As it turned out, Amwest lost on its gamble, but, because Szabo has presented no facts to show that the decision to take that gamble was arbitrary, capricious, or inconsistent with the reasonable expectations of the parties at the time the Indemnity Agreement was executed, we must grant summary judgment in Amwest's favor. In short, we find no justification for reading a provision into the Indemnity Agreement that would preclude Amwest from entering into time and material contracts upon notice of a default. See N. Trust Co., 657 N.E.2d at 1104 ("The covenant of good faith and fair dealing does not enable a guarantor to read an obligation into a contract that does not exist.").
With respect to the Execution Agreement, SCSI suggests, in a single sentence without any citations, that Amwest breached its covenant of good faith and fair dealing. (Defs.' Resp. Pl.'s Mot. Summ. J. at 10.) Because this argument is perfunctory and undeveloped — indeed, SCSI even fails to cite a provision of the Execution Agreement — we reject it. See United States v. Berkowitz, 927 F.2d 1376, 1384 (7th Cir. 1991) ("[P]erfunctory and undeveloped arguments, and arguments that are unsupported by pertinent authority, are waived."); Anderson v. Hale, No. 00 C 2021, 2001 WL 417991, at *11 n. 6 (N.D. Ill. Apr. 23, 2001) (same). As a court, we resolve arguments, we don't make them.

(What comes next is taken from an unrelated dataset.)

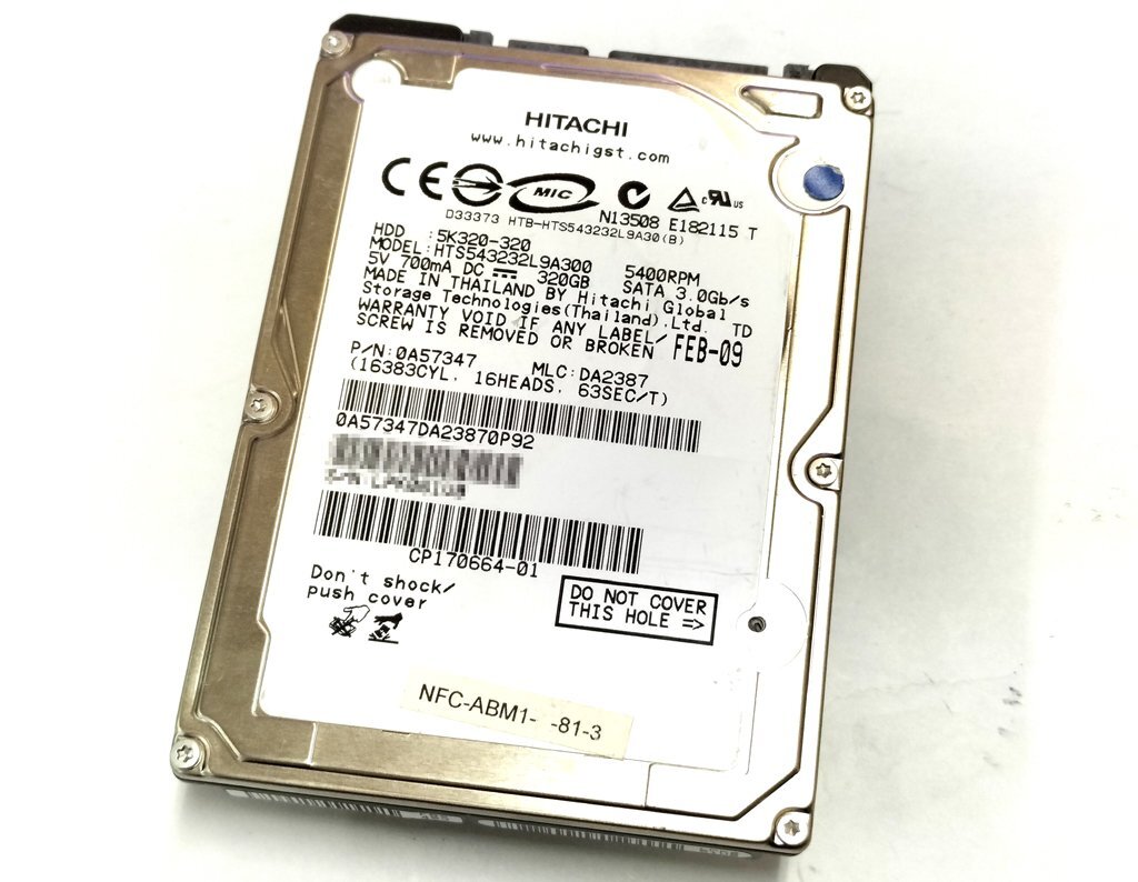 (稼働4344h)HITACHI Travelstar 5K500 (HTS545016B9A300) 160GB 2.5インチ 9.5mm厚 SATA 5400rpm DTJZ

D. Specific Performance and Breach of Contract
In cursory fashion, we deny Amwest's Motion for Summary Judgment as to liability on counts two and three. Neither count two nor three has been adequately addressed and argued by Amwest in the briefs. Additionally, Amwest's Local Rule 56.1 submissions do not contain sufficient facts to enable this Court to make a decision on count two or three in Amwest's favor.
Presumably Amwest asked this Court to make a liability finding on count two by mistake. ( See Pl.'s Mot. Summ. J. at 1 (asking this Court for a liability finding on "all Counts of Plaintiffs Complaint).) Specific performance is a remedy, not a basis of liability.
III. Conclusion
For the reasons stated, this Court grants Amwest's Motion for Summary Judgment in part and denies it in part. Szabo is bound by the terms of the Indemnity Agreement, and both Szabo and SCSI are bound by the terms of the Execution Agreement.